→ **EXERCISE DETAILS**
Please keep the pictures out and write out exactly the lines from the first in the data below through the one containing "SmartShunt je monitor", both included.

→ **EXERCISE DATA**
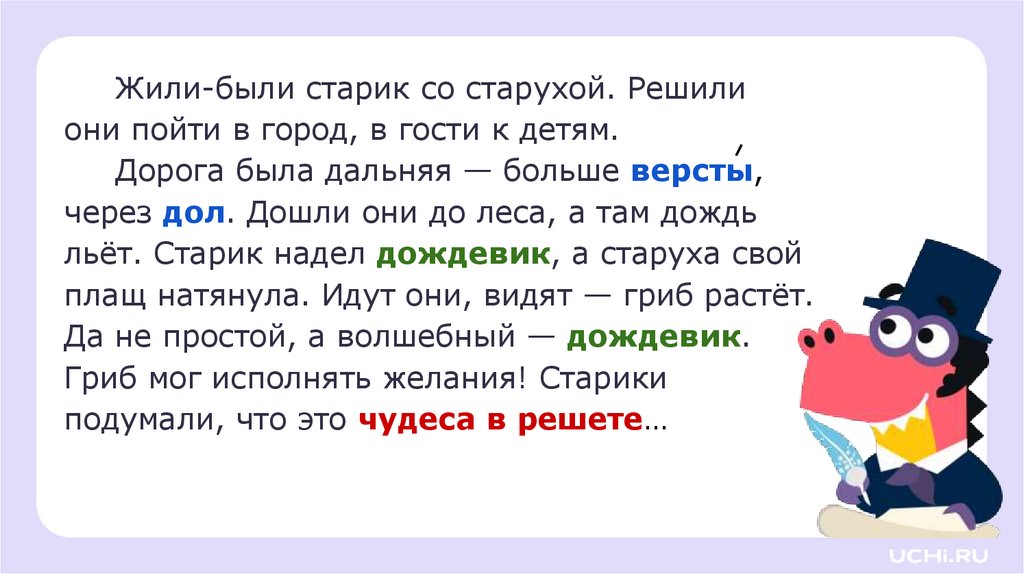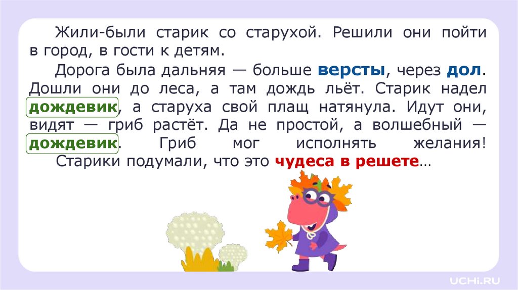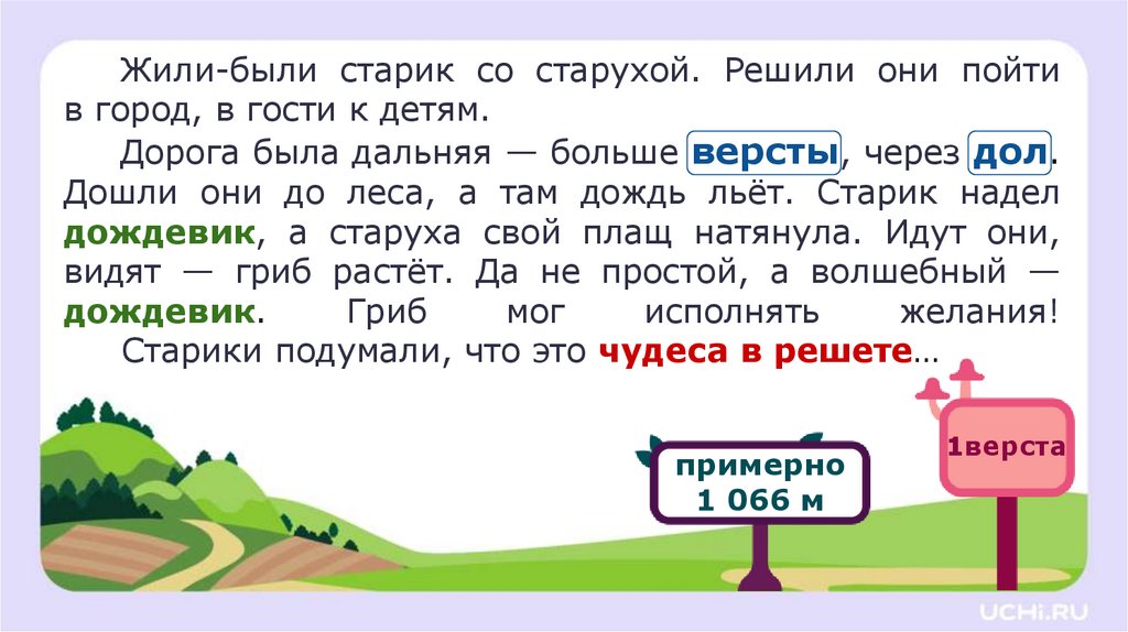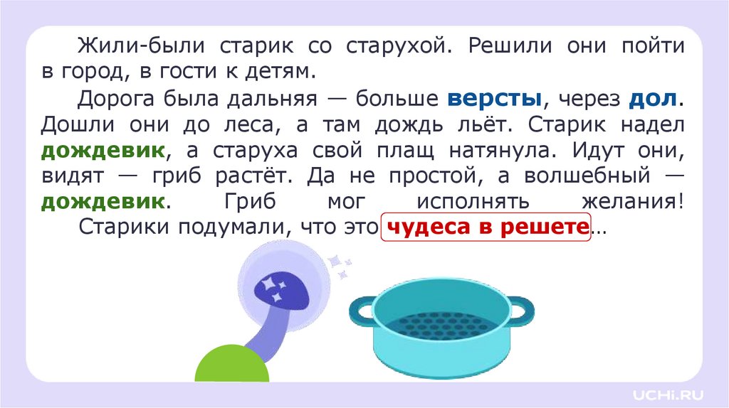 Жили-были старик со старухой. Решилиони пойти в город, в гости к детям.
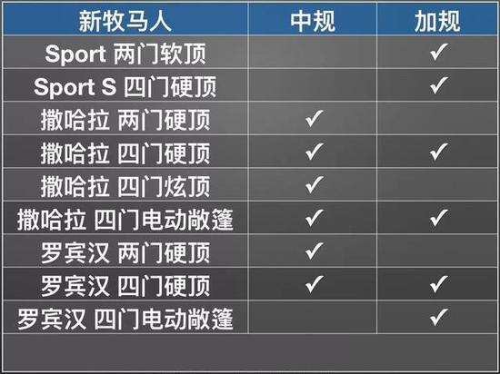 加规比中规多了两个低配型号:两门Sport软顶版,以及四门Sport S硬顶版,中规只引进了撒哈拉和罗宾汉,并没有引进低配的Sport和Sport S。
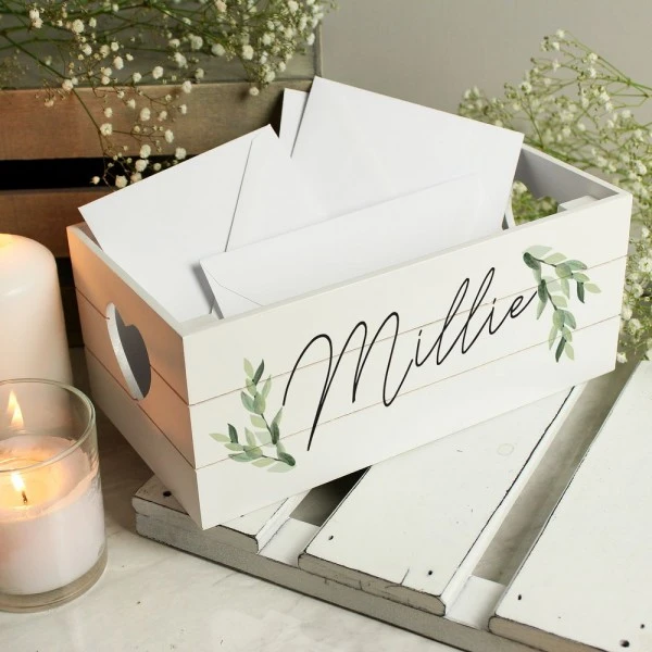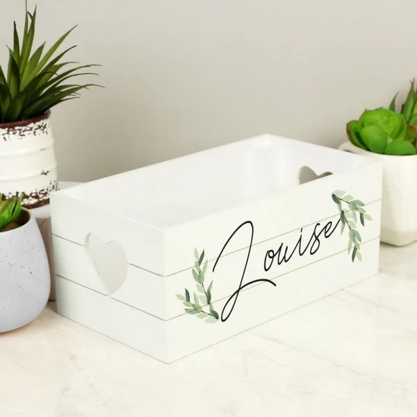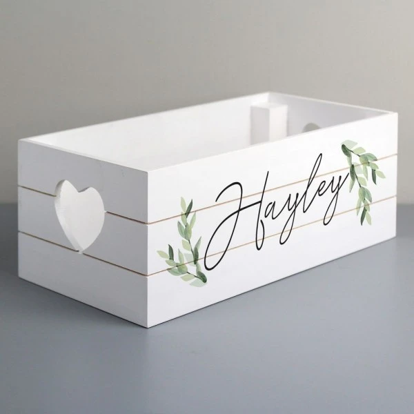 This personalised white wooden crate is a great way to add a personal touch to any home!
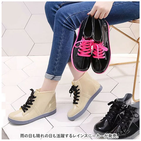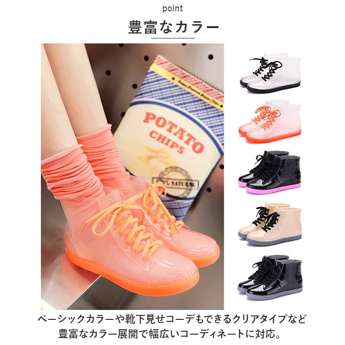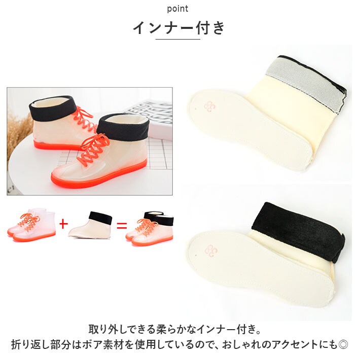 | 商品説明 | 雨の日も晴れの日も活躍するレインスニーカーが発売。【ハイカットタイプ】レインブーツに見えないスタイリッシュなハイカットタイプ。いつものスタイルを崩さず、雨の日もオシャレに。【PVC素材】水や汚れに強いPVC素材を採用。雨の日も足元を気にすることなく安心して履ける。【快適な履き心地】屈曲性に優れた柔らかな素材なので、履き心地も快適♪【滑りにくい】靴底には滑り止め加工を施しているので、濡れた場所でも滑りにくい。【インナー付き】取り外しできる柔らかなインナー付き。折り返し部分はボア素材を使用しているので、おしゃれのアクセントにも◎【豊富なカラー】ベーシックカラーや靴下見せコーデもできるクリアタイプなど豊富なカラー展開で幅広いコーディネートに対応。 |
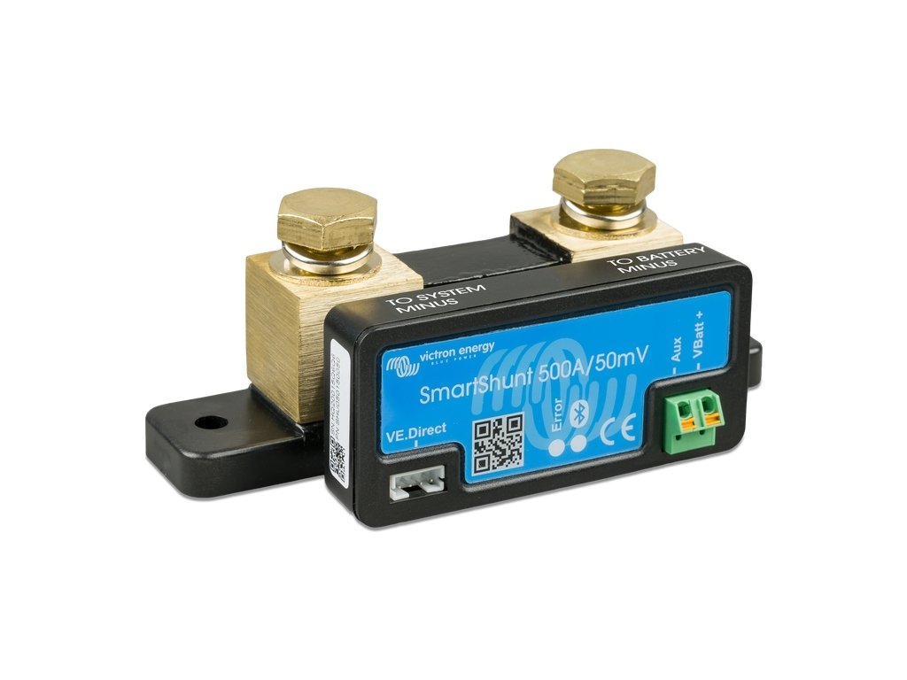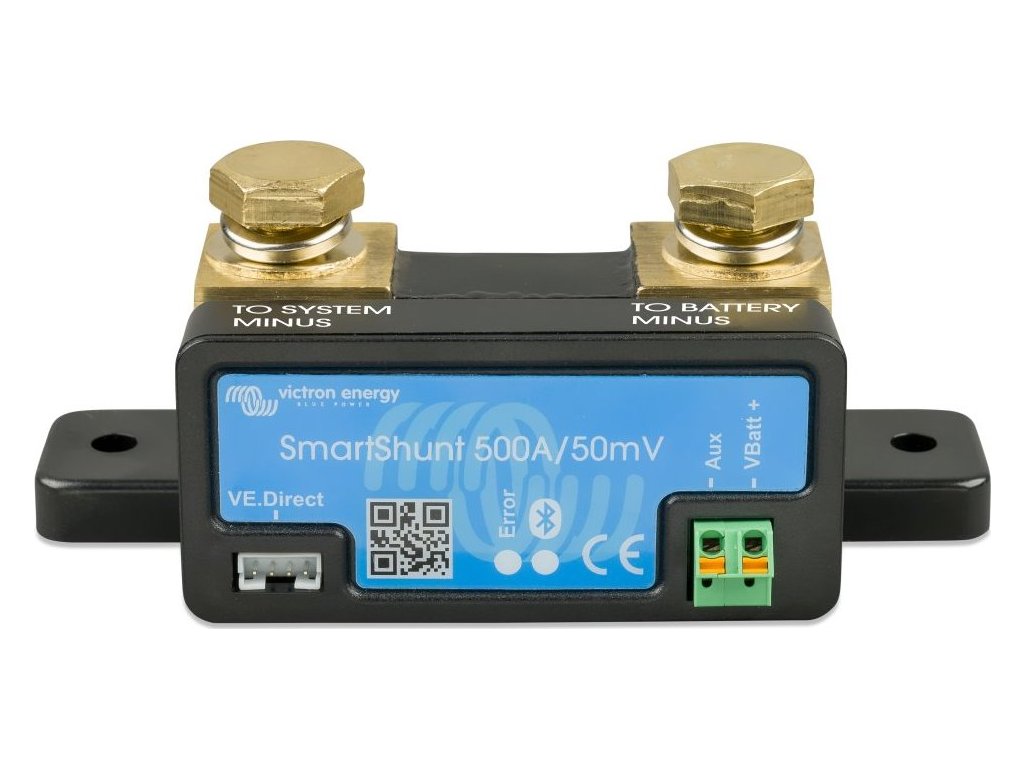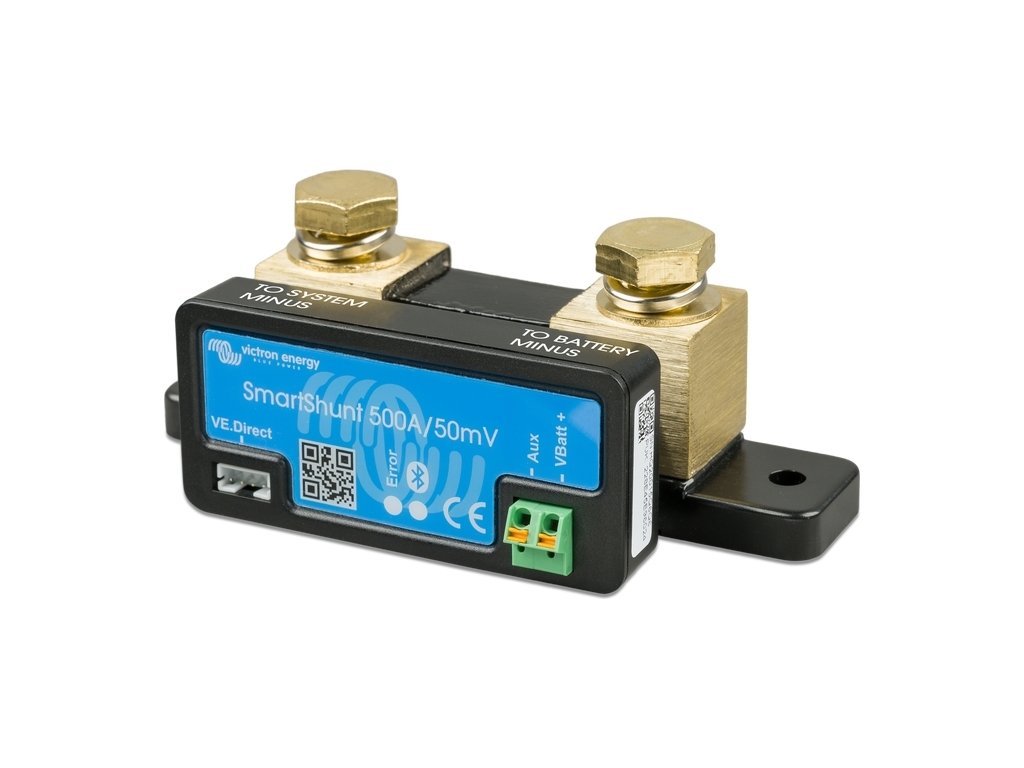 SmartShunt je monitor baterie stejně jako řada BMV (pouze bez displeje). Displejem se stává váš chytrý telefon s aplikací VictronConnect. Zařízení se připojuje přes Bluetooth k aplikaci VictronConnect v chytrém telefonu (nebo tabletu) a pohodlně si můžete přečíst všechny sledované parametry baterie. Alternativně může být SmartShunt připojen a čten zařízením GX. Připojení k SmartShunt se provádí pomocí kabelu VE.Direct. SmartShunt je dobrou alternativou k monitoru baterií BMV, zejména pro systémy, kde je zapotřebí monitorování baterií, ale vyžaduje se méně kabeláže a není požadován klasický displej.
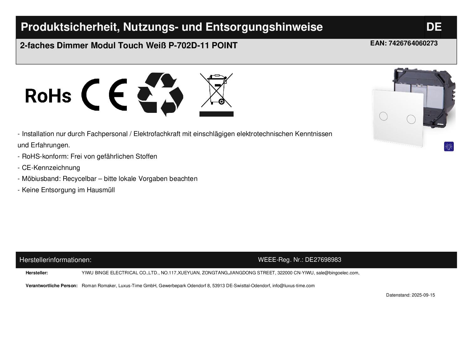 Point Seriendimmer-Modul inkl. weißem Touchfeld.Bitte beachten Sie, dass es sich bei diesem Angebot nur um das Touch-Seriendimmer-Modul OHNE Glasrahmen handelt. Die Glasabdeckung des Touch-Moduls ist Bestandteil des Lieferumfangs.Dies ist ein Point Touch-Seriendimmer zum einfachen ein- und ausschalten sowie dimmen zweier Leuchten unabhängig voneinander. Einfache und schnelle Montage, sowohl vertikal als auch horizontal . Alle Touch-Schalter sind beleuchtet . Wenn die angeschlossene Leuchte ausgeschaltet ist, leuchtet der Schalter schwach blau, wenn die Leuchte eingeschaltet ist, leuchtet der Schalter in einem stärkeren Blau. Die Touch-Schalter sind mit allen Arten von Leuchten verwendbar (Halogen, LED, Energiesparlampen), außer LED-Strips . Bei LED-Strips ist die Watt-Zahl in den meisten Fällen zu gering und kann dadurch zu Problemen führen. Sollten Sie Probleme wie z. B. Flackern von Leuchten bzw. das die Leuchten nach kurzer Zeit von alleine wieder ausschalten, haben, sollte die Watt-Leistung erhöht werden. Der Austausch erfolgt wie bei anderen Wipp-Schalter-Herstellern. Ersetzen Sie einfach Ihre alten Wipp-Schalter durch ein neues, langlebiges Design. Die Lichtschalter- und Steckdosen-Module sind für Unterputzdosen mit 60 mm Durchmesser geeignet . Die Module werden mittels der den Glasblenden beiliegenden Metallrahmen durch Schrauben an den Unterputzdosen befestigt. Bei uns erhalten Sie die komplette Point Bandbreite; von einem einfachen Wipp-Lichtschalter bis zum smarthome-fähigen Touch-Rollladenschalter. Hinweis zur Installation: Lichtschalter stromlos anschließen. Glasblende aufsetzen. Wichtig!!! Strom erst einschalten, wenn die Glasblende aufgesetzt wurde. Sollte dieser Hinweis nicht beachtet werden, kann es vorkommen, dass der Lichtschalter nicht reagiert. Fragen? Rufen Sie uns an oder senden Sie uns eine E-Mail. Wir beraten Sie gerne! Technische Daten : Abmessungen: 48 mm x 48 mm x 25 mm Betriebsspannung: AC110 ~ 250V, 50Hz60Hz max. Stromzufuhr für jeden Gang 2.5 A max. Leistung für jeden Gang: 700W Ruhestromverbrauch: weniger als 0,1mW Lebensdauer: 100.000 Benutzungen Montage in Standard UP-Dose mit Durchmesser von 60mm mit Schraubgewinde Herstellerangaben:YIWU BINGE ELECTRICAL CO.,LTD.
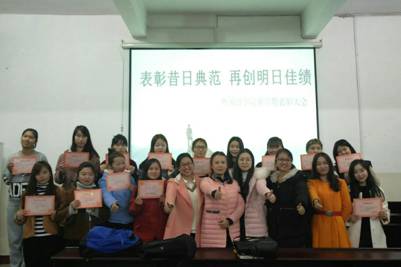 2017年3月8日晚上7:00,外国语学院“表彰昔日典范,再创明日佳绩”优秀学生表彰大会在播馨楼406室拉开帷幕。参加本次会议的有外国语学院党总支副书记刘莉书记,辅导员阳青老师、龙立平老师、肖婷老和曹瑜虹老师,以及各奖项的获奖人员,各班班长及团支书。
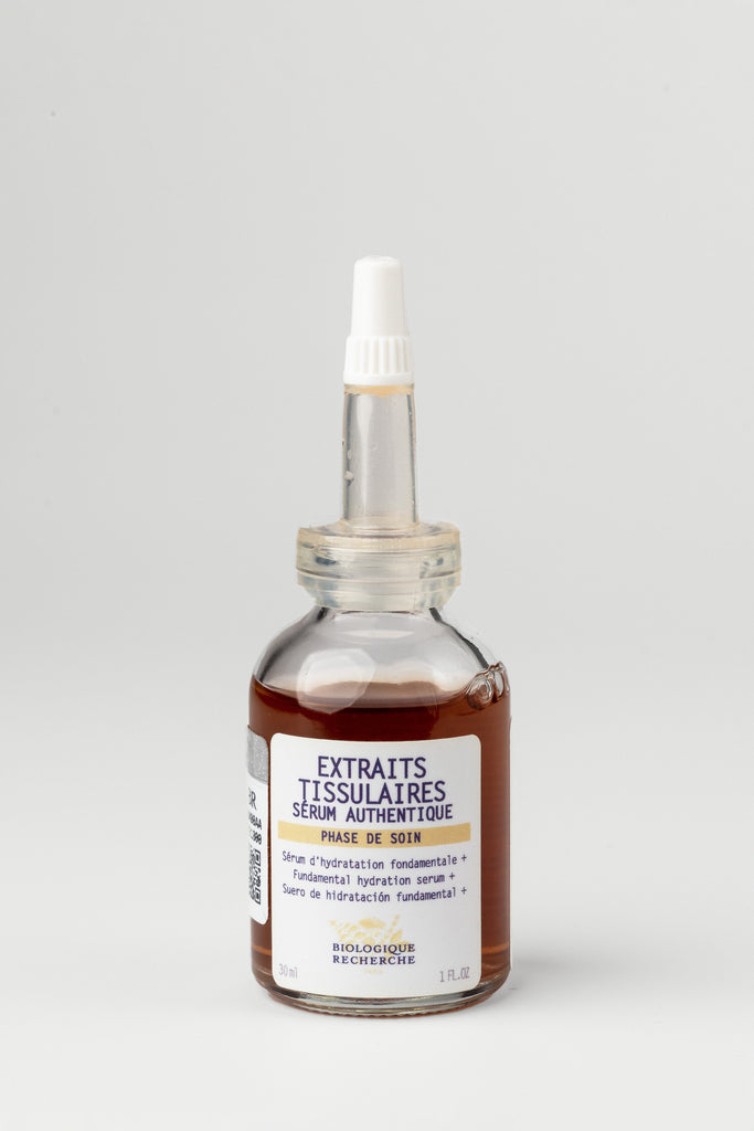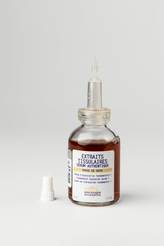 Extraits Tissulaires serum is an instant moisturizer with anti-dehydration properties. Its formula is designed to continuously capture and diffuse water to restore the skin’s water balance. The combined action of its active ingredients helps kickstart the skin’s internal hydration mechanisms, slow down imperceptible water loss, and strengthen the hydrolipidic barrier so natural hydration mechanisms are restored. Skin quality is visibly improved. The skin is moisturized, regulated and protected from harsh environmental stressors.

→ **EXERCISE OUTPUT**
 Жили-были старик со старухой. Решилиони пойти в город, в гости к детям.
 加规比中规多了两个低配型号:两门Sport软顶版,以及四门Sport S硬顶版,中规只引进了撒哈拉和罗宾汉,并没有引进低配的Sport和Sport S。
 This personalised white wooden crate is a great way to add a personal touch to any home!
 | 商品説明 | 雨の日も晴れの日も活躍するレインスニーカーが発売。【ハイカットタイプ】レインブーツに見えないスタイリッシュなハイカットタイプ。いつものスタイルを崩さず、雨の日もオシャレに。【PVC素材】水や汚れに強いPVC素材を採用。雨の日も足元を気にすることなく安心して履ける。【快適な履き心地】屈曲性に優れた柔らかな素材なので、履き心地も快適♪【滑りにくい】靴底には滑り止め加工を施しているので、濡れた場所でも滑りにくい。【インナー付き】取り外しできる柔らかなインナー付き。折り返し部分はボア素材を使用しているので、おしゃれのアクセントにも◎【豊富なカラー】ベーシックカラーや靴下見せコーデもできるクリアタイプなど豊富なカラー展開で幅広いコーディネートに対応。 |
 SmartShunt je monitor baterie stejně jako řada BMV (pouze bez displeje). Displejem se stává váš chytrý telefon s aplikací VictronConnect. Zařízení se připojuje přes Bluetooth k aplikaci VictronConnect v chytrém telefonu (nebo tabletu) a pohodlně si můžete přečíst všechny sledované parametry baterie. Alternativně může být SmartShunt připojen a čten zařízením GX. Připojení k SmartShunt se provádí pomocí kabelu VE.Direct. SmartShunt je dobrou alternativou k monitoru baterií BMV, zejména pro systémy, kde je zapotřebí monitorování baterií, ale vyžaduje se méně kabeláže a není požadován klasický displej.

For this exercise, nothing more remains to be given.